A small proof-of-concept ammonia gas sensor developed by researchers from RMIT University, the University of Melbourne and the ARC Centre of Excellence for Transformative Meta-Optical Systems (TMOS) promises to enable safer hydrogen storage and specialized medical diagnostic devices.

Because ammonia is considered one of the best methods for storing hydrogen for clean fuel, reliable and sensitive ammonia detection will be necessary to instantly identify potentially dangerous leaks during transportation of hydrogen, thereby ensuring safe operation.

Source: Seamus Daniel, RMIT

Although exposure to high levels of ammonia can reportedly be hazardous to human health, potentially leading to chronic lung conditions or organ damage, it is also found in human breath and can serve as a biomarker of diseases like kidney and liver-related disorders.

As such, the team sought to develop a sensor that can detect tiny amounts of ammonia — even on a person’s breath — thus making quick detection possible.

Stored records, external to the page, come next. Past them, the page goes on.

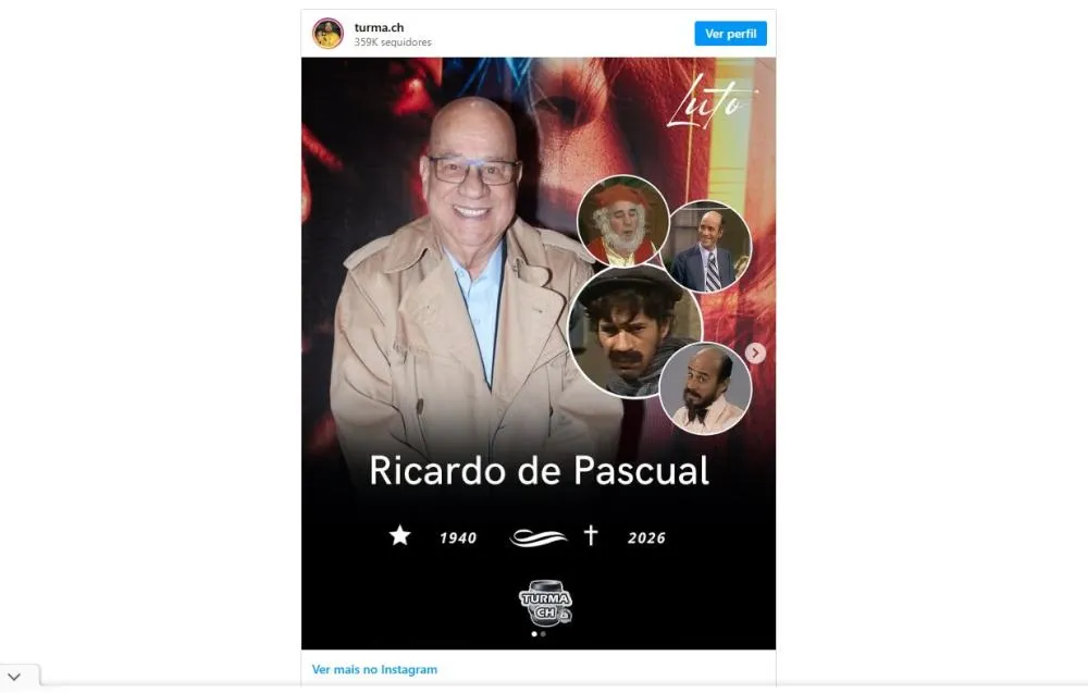 O ator mexicano Ricardo de Pascual morreu nesta terça-feira (21), aos 86 anos. A informação foi confirmada por pessoas próximas ao artista, cuja trajetória marcou gerações de telespectadores na América Latina.
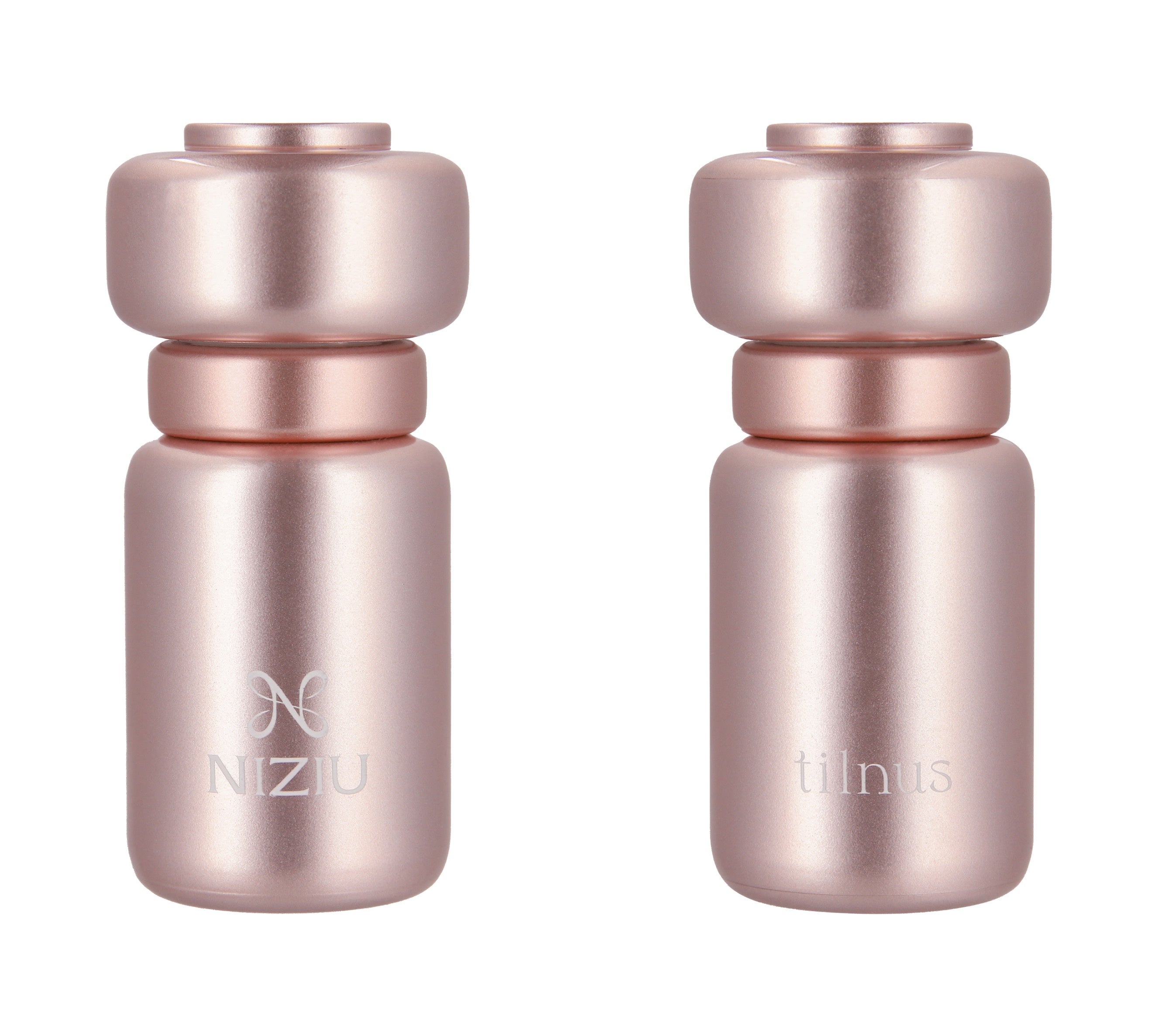 容器はキラキラと輝くメタリックピンクカラーを採用。正面にはNiziUロゴをあしらいました。
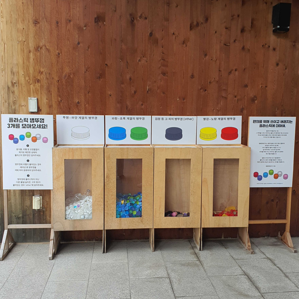 왼쪽: 배달로 발생하는 일회용품 쓰레기(ⓒ참여와 혁신) / 오른쪽: 소형플라스틱 '병뚜껑' 수거함(ⓒ슭)
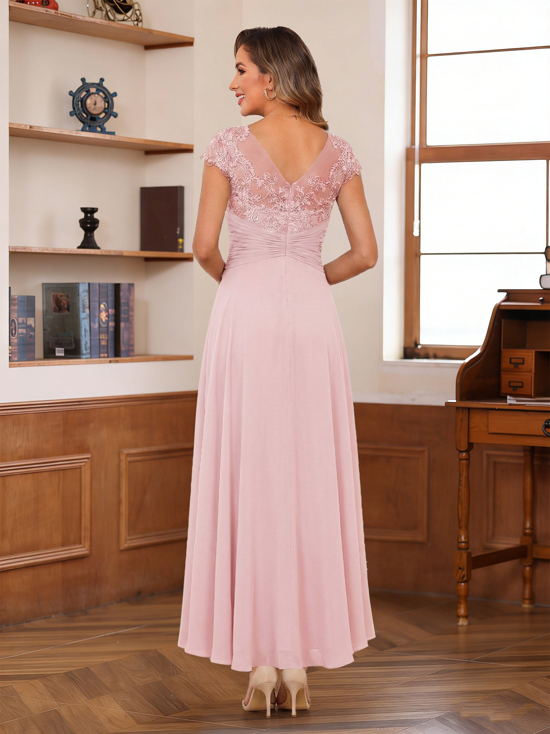• A-Line/Princess Scoop Short Sleeves Ankle-Length Mother of the Bride Dresses with Lace & Applique
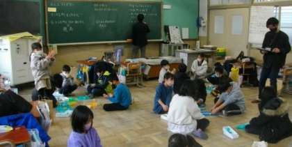 アイデアいっぱいの、たのしいまちづくりがでいましたね。鞍馬小学校の3年生のお友達といっしょに楽しく活動ができました。
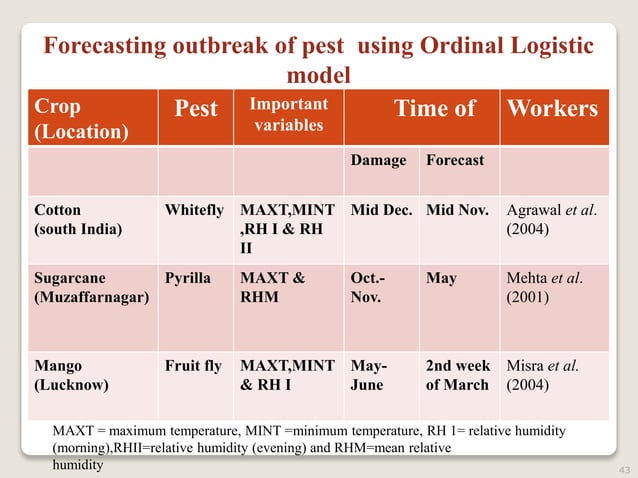 forecasting model for insect pest | PPTX | Agriculture | Industries
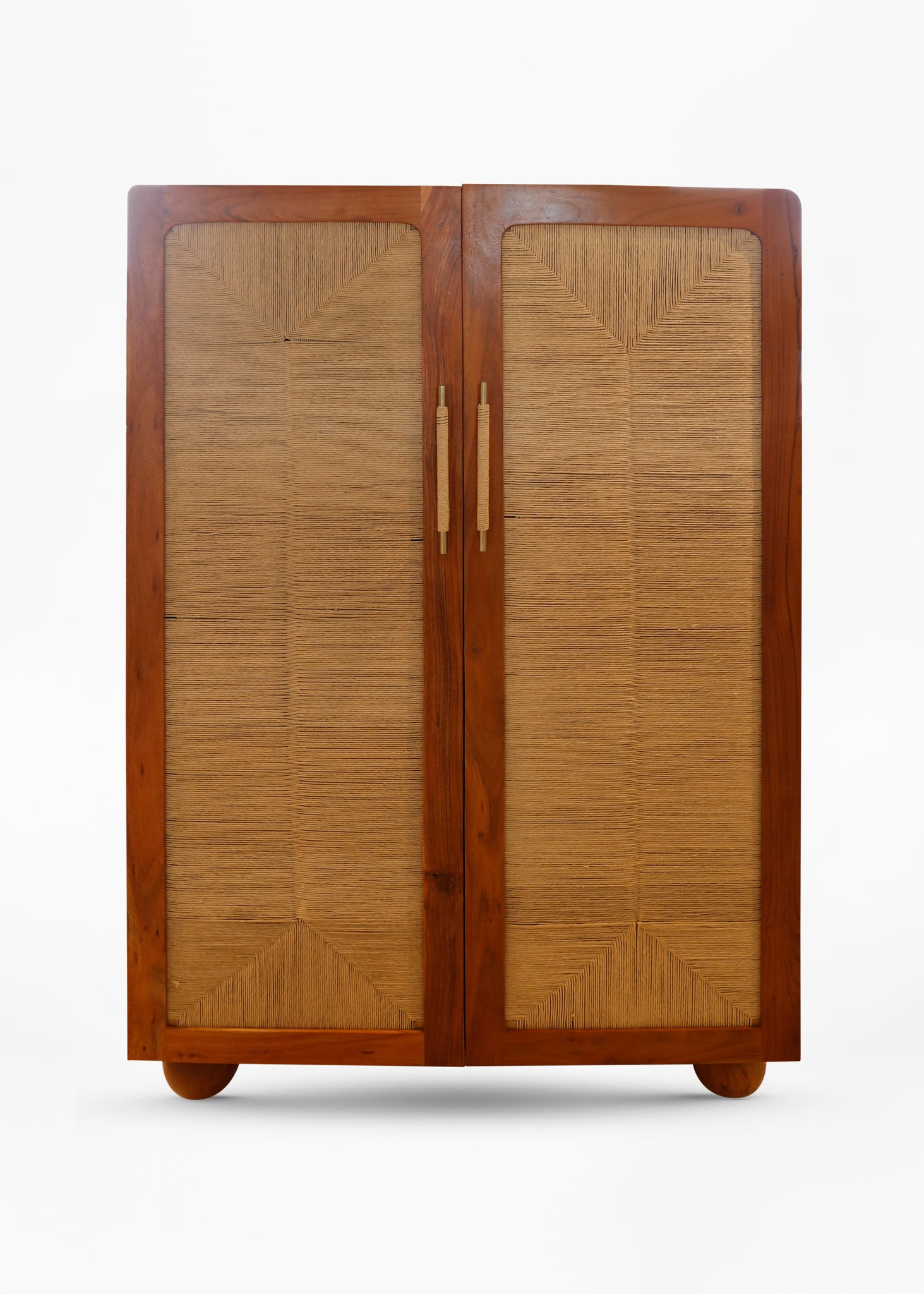 Gabinete de madera con puertas decoradas con tejido natural en patrón geométrico. Tiene dos tiradores metálicos verticales y base con patas esféricas, ideal para un estilo rústico o boho.
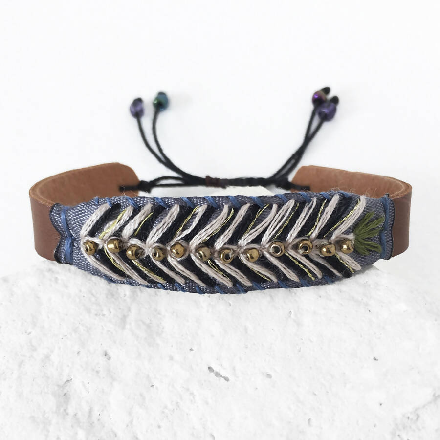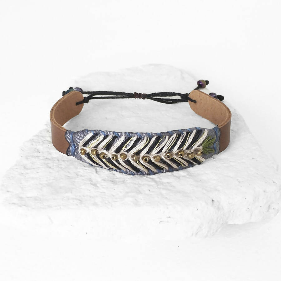 Hand-embroidered bracelet with cotton thread in black, beige and golden metallic thread, on gray ribbon and brown vinyl. Adjustable black cord clasp.
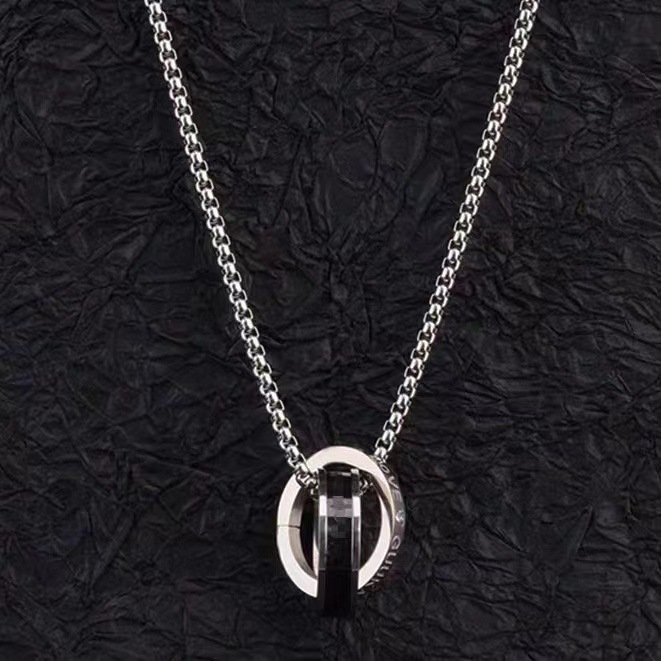 Titanium steel non-fading simple men's and women's street hip-hop double-ring pendant all-match jewelry sweater chain ring necklace

To create the sensor, atomically thin transparent tin dioxide was deposited onto a base material. The researchers explained that the presence of ammonia alters the electrical resistance of the tin oxide film within the sensor. In other words, the higher the concentration of ammonia, the greater the alteration in the resistance of the device. According to the developers, the sensor can easily detect ammonia — even in smaller concentrations than currently available technology.

The sensor was placed in a specially designed chamber to gauge its ability to detect ammonia gas at different concentrations — from 5 parts per million to 500 parts per million — and under different temperatures and other conditions. Further, the team also measured the sensor’s selectivity of ammonia against other gases like carbon dioxide and methane.

The researchers reported that the sensor offered a safer approach for detecting toxic gas as compared to current techniques.

"Current approaches to ammonia detection produce accurate measurements but require expensive laboratory equipment with qualified technicians, extensive sampling and preparation," the researchers explained. "This process is often time-consuming and not portable, due to the size of the equipment needed. In addition, the manufacturing of today's ammonia detectors involves expensive and complicated processes to prepare sensitive layers for sensor fabrication."

An article detailing the research, “Instant‐in‐Air Liquid Metal Printed Ultrathin Tin Oxide for High‐Performance Ammonia Sensors,” appears in the journal Advanced Functional Materials.